タル・ベーラ:まずこの家族に出会ったのは、私が19歳の時でした。主人公イレン(ラーツ・イレン)とその夫、そして、小さな娘は、やむを得ぬ事情から、まるで“穴”のような建物を不法占拠して住んでいたのですが、警察に捕まって追い出されてしまった。私は、そのことに対して激しい怒りを覚えた。その怒りを基に映画は撮影され、そうした怒りが表現された映画になった。キャスティングの段階で、父親や母親、兄弟といった役柄を付け加えていって、架空の家族像を創り上げた。もちろん物語はフィクションで、映画の中で起きていることは、こういうこともあり得るんじゃないかということを描いていたものだ。

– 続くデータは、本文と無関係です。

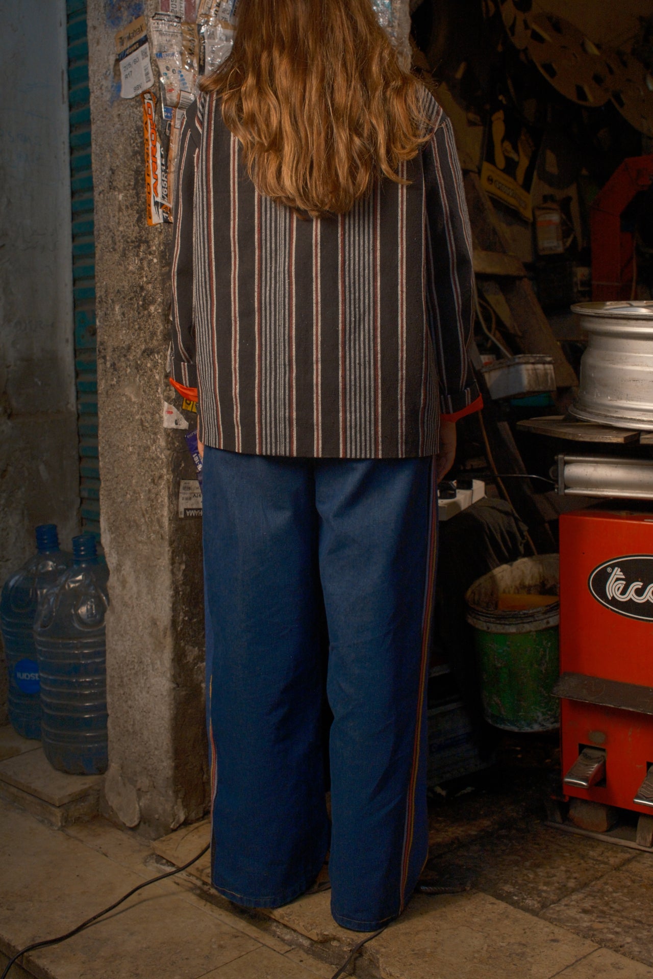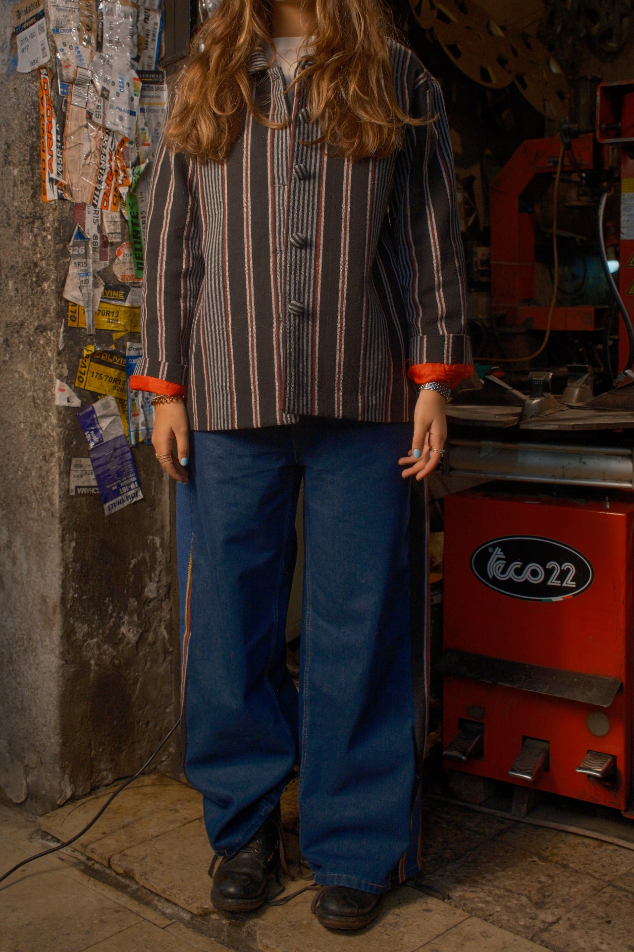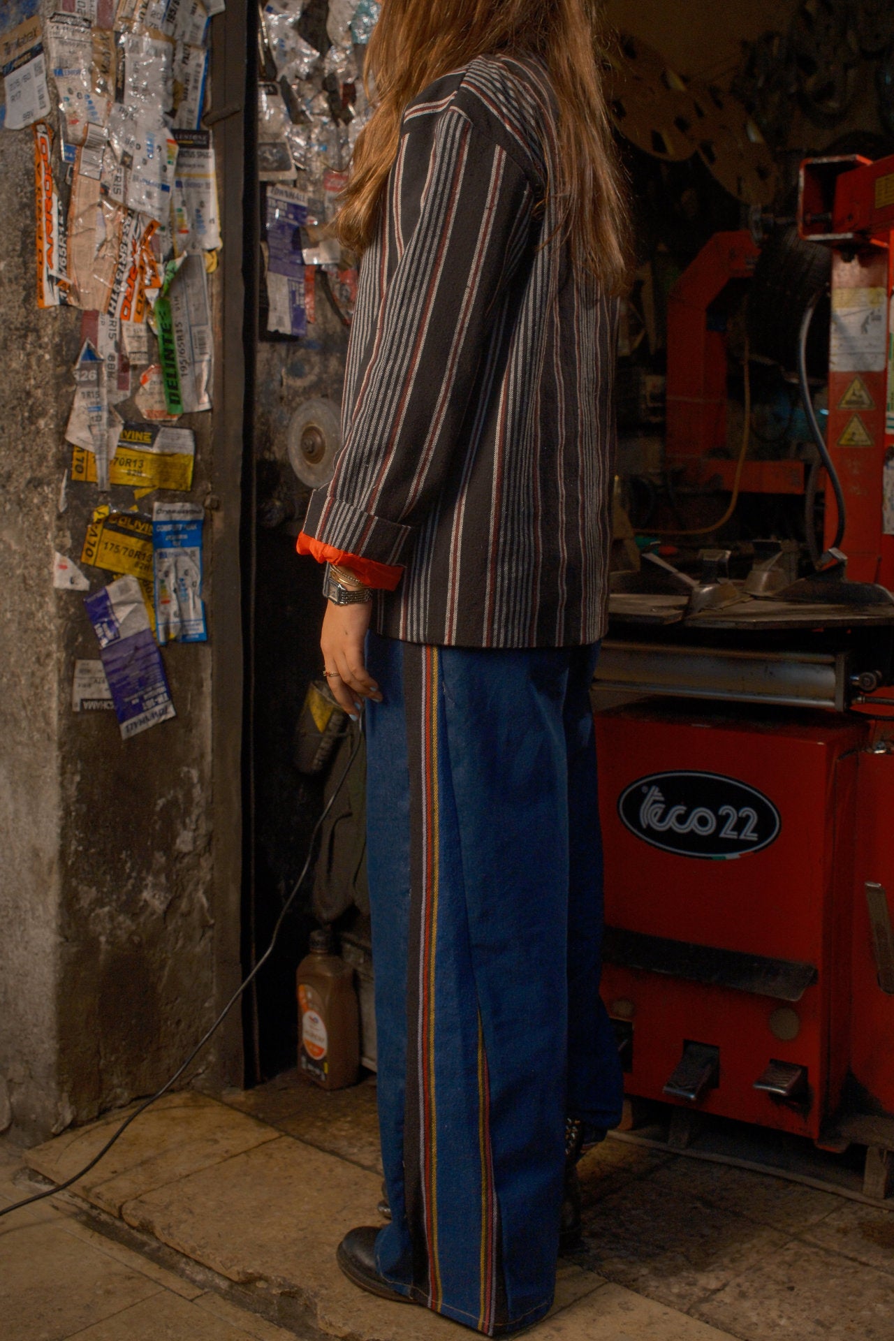 Each jacket is made to order and crafted individually in Cairo, meaning your piece is made especially for you. Because we work with reclaimed materials, no two jackets are ever identical in stripe placement or texture.

非常にシンプルな映画で、撮影は5日間で終えた。とても急ぎ足で作った作品だが、国内だけではなくマンハイム・ハイデルブルク国際映画祭でグランプリを受賞したり、国際的にも凄く成功をした。この映画を作ったことで自分は映画監督になり、その後で、映画学校に行った。というのは、別の作品を手掛けるために資格が必要だったから。それが自分の人生の道のりです。

Q:ということはジェンダーギャップは、それを撮ろうとしたわけではなく、そう撮れてしまったと。
タル・ベーラ:主人公のイレンはとても強い女性でもあったので、当然ああいう描写になったんだ。(イレンを演じたラーツ・)イレンとはその後も『サタンタンゴ』や『ヴェルクマイスター・ハーモニー』で一緒に仕事をしているよ。友人とそうやって仕事を続けられるのはとても素敵なことだ。互いに信頼していなければ関係は続かないし、互いに繋がりあい、ともに成長していくことが出来るなんてとても美しいことだと思う。